La variazione di prezzo varia anche in base all’imbarcadero da dove sali sulla gondola.
Il costo è per il viaggio, non a persona. Se vuoi fare un percorso diverso da quello previsto, il costo potrebbe cambiare, perciò ti consiglio di metterti d’accordo prima di iniziare il tour.

Per trovare un gondoliere chiedi al bancale, il capo di ogni stazione.
Ti consiglierà il nome dei gondolieri che sono di turno il giorno che avrai scelto per il tour.

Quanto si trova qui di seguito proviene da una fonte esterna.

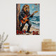 Esta pintura cativante apresenta um leão, cheio de óculos de sol e uma jaqueta de couro, profundamente mergulhado em um "blues de praia" em um violão elétrico. Ele está se inclinando contra um posto de madeira meteorizada em uma costa arenosa, com um mar azul texturizado e ondas de capas brancas. O vibrante, incapaz de escovar cria uma atmosfera viva e entusiasmante, transmitindo perfeitamente a vibração "Rock or Die" deste concerto único ao ar livre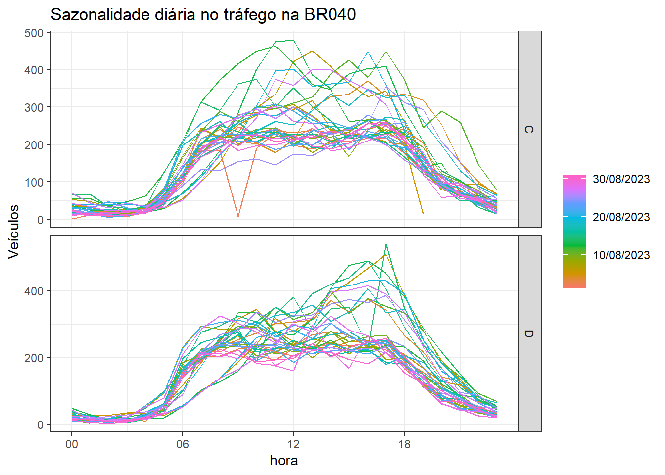 É possível visualizar padrões sazonais de forma distintas. Sejam os dados de tráfego de veículos de passeio na BR040 no quilômetro 709. A Figura Figura 1.8 ilustra um gráfico de sazonalidade diária para o mês de agosto de 2023 para ambos sentidos de tráfego. Os dias são plotados em escala de cor, enquanto o horizonte diário em horas é plotado no eixo horizontal. Observa-se um tráfego mais baixo nas primeiras horas do dia, com aumento no volume de 3 às 9 da manhã, estabilidade durante a manhã e decréscimo com o início da noite. É possível observar também que para a maior parte dos dias o volume de tráfego nas horas mais movimentadas tem pico em 250 veículos. Porém há dias com volume maior.

Quanto costa un giro in gondola: i prezzi
Foto: Alessia Mauri

Come noleggiare una gondola

1. Andare dagli stazi (le fermate) dove sono ormeggiate le gondole. Potrai prenotare un giro in gondola secondo i turni dei gondolieri, o semplicemente avvicinarti al gondoliere che ti proporrà “gondola?”
Qui di seguito l’elenco degli stazi:

    • DANIELI
    • MOLO
    • MOLO
    • TRINITA’
    • SANTA MARIA DEL GIGLIO
    • SAN TOMA’
    • SAN BENETO
    • CARBON
    • SANTA SOFIA
    • SAN MARCUOLA

2. Accettando gli inviti di qualsiasi gondoliere che incontrerai vicino ad ponte od un altro punto della città.
Sono gondolieri ufficiali che lavorano nel loro giorno di riposo. Gli orari sono personalizzati e diversi da ognuno di loro.
Sicuramente però difficilmente tutti ti porteranno prima delle 9.00. In estate invece molti di loro sono disponibili fino a mezzanotte e anche più tardi.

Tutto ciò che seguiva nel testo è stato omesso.